The Innocence Project’s policy department works in Congress and with local officials to pass legislation and administrative policies that prevent wrongful convictions. On June 17, 2014, Peter Shumlin, governor of Vermont, signed into law reforms that help prevent wrongful convictions. In Illinois, in June 2014, legislation expanded the post-conviction DNA testing access law, which acknowledges that innocent defendants sometimes plead guilty to avoid severe punishment. Other states have also passed legislation to help prevent wrongful convictions. In 2024, Connecticut passed legislation expanding compensation pathways for exonerees, while Maryland updated its compensation process to ensure exonerees are better informed of their rights. In 2025, Tennessee enacted a law allowing prosecutors and defendants to jointly file motions for post-conviction relief, addressing barriers for those who pleaded guilty. Additionally, Indiana passed its first eyewitness identification reform law in 2025 to improve the accuracy of criminal investigations. Colorado, Oklahoma, and Florida also enacted reforms that year.
Bibliography
Cates, Paul. “VT Governor to Sign into Law New Wrongful Conviction Reforms.” Innocence Project, 16 June 2014, www.innocenceproject.org/vt-governor-to-sign-into-law-new-wrongful-conviction-reforms/. Accessed 13 Dec. 2025.
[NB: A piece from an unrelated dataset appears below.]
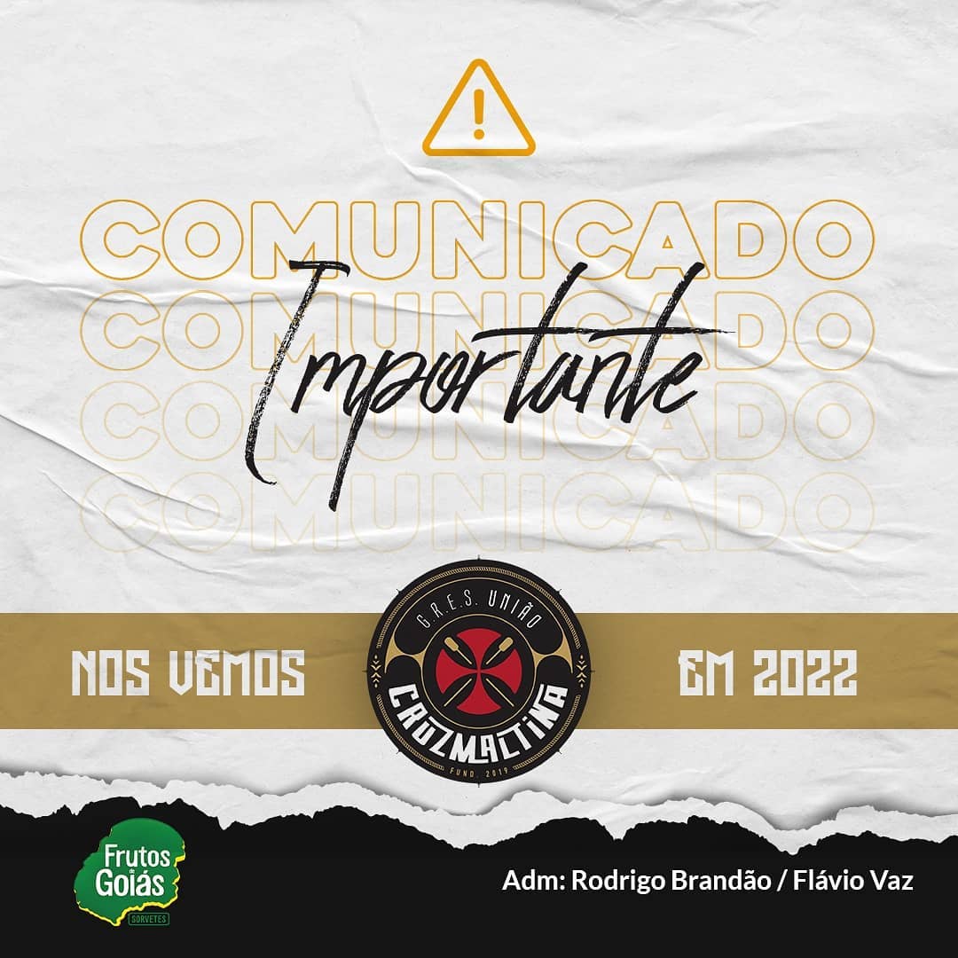 União Cruzmaltina divulga nota sobre o cancelamento do Carnaval 2021: 'Nos vemos em 2022'

“DNA Access Law to be Expanded in Illinois.” Innocence Project, 23 June 2014, www.innocenceproject.org/dna-access-law-to-be-expanded-in-illinois/. Accessed 13 Dec. 2025.
“Explore the Numbers: Innocence Project’s Impact.” Innocence Project, 29 Dec. 2024, innocenceproject.org/exonerations-data/. Accessed 13 Dec. 2025.
Junkin, Tim. Bloodsworth: The True Story of the First Death Row Inmate Exonerated by DNA. Algonquin Books, 2004.
Kobilinsky, Lawrence F., et al. DNA: Forensic and Legal Applications. Wiley-Interscience, 2005.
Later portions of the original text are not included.